Indian exporters of hot dip galvanized (HDG) coils have lowered their offers for the second consecutive week by $10/mt to $700/mt FOB, responding to Chinese competition and to drive volumes, but US buyers have continued to stay away from concluding new transactions, traders said on Thursday, November 2.
“With ex-China HDG offers softening, Indian exporters have had little option but to respond to maintain their market presence despite falling shipment volumes,” a Mumbai-based trader said.
“But efforts to drive volumes have not yielded significant results. US buyers reported that, even at current offer levels, imports are not competitive vis-à-vis US domestic prices,” the trader said.
At least two other traders said that large Indian HDG exporting steel mills are not aggressively pushing volumes overseas and prefer to push domestic sales as the gap between earnings from exports and domestic sales has narrowed.

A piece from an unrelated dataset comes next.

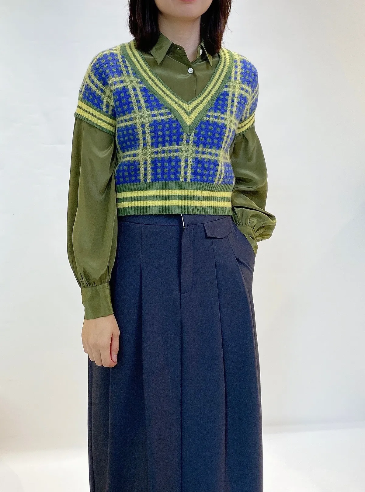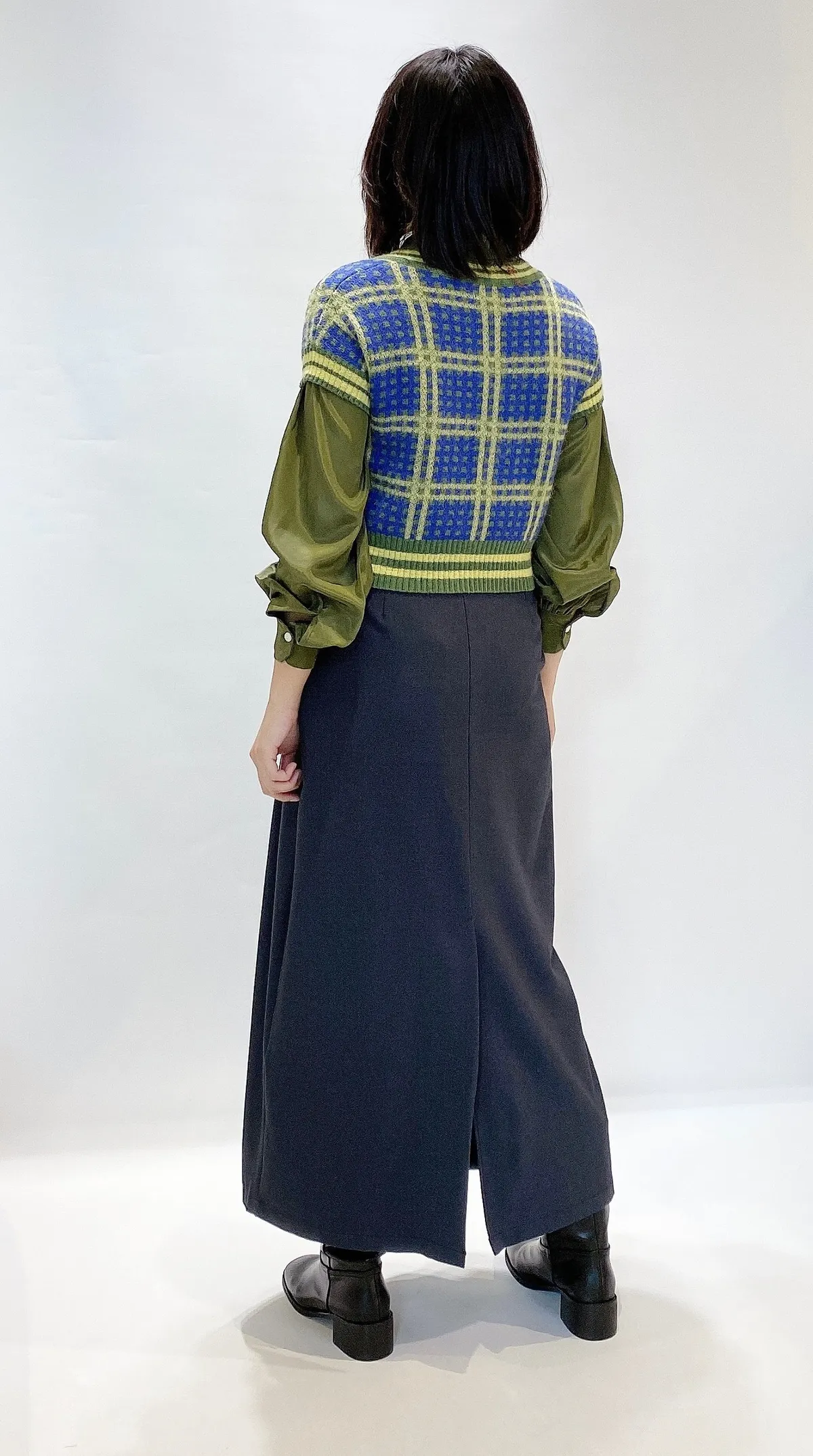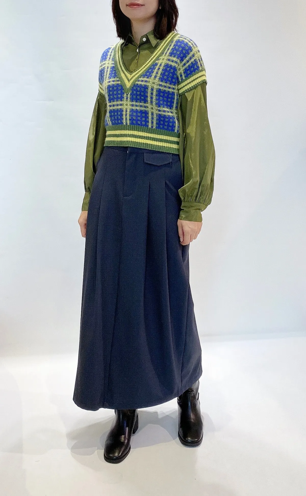 假口袋寬摺後開岔長裙
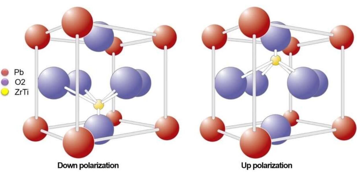 這些吸引人的特性是鋯鈦酸鉛(PZT)是其中一種材料的鐵電性能的結(jié)果。PZT具有鈣鈦礦晶體結(jié)構(gòu),中心有一個(gè)陽(yáng)離子(見圖1)。該陽(yáng)離子可以處于兩個(gè)位置之一,并且可以通過(guò)施加電場(chǎng)來(lái)切換位置。每個(gè)轉(zhuǎn)換都會(huì)產(chǎn)生“開關(guān)電荷”(Q s),可以將其讀取以表示邏輯1或0。

With the lowering of export offers was matched by the Indian rupee appreciating to 64.60 to the US dollar, the incentive to push export volumes is lower and so large mills are focusing on domestic sales instead, the traders added.
Market sources said that demand in the Gulf Co-operation Council region has also remained low and no significant transactions have been reported during the past week. The sources said that Indian exporters have not been able to match ex-China HDG offers of around $710/mt CFR Gulf.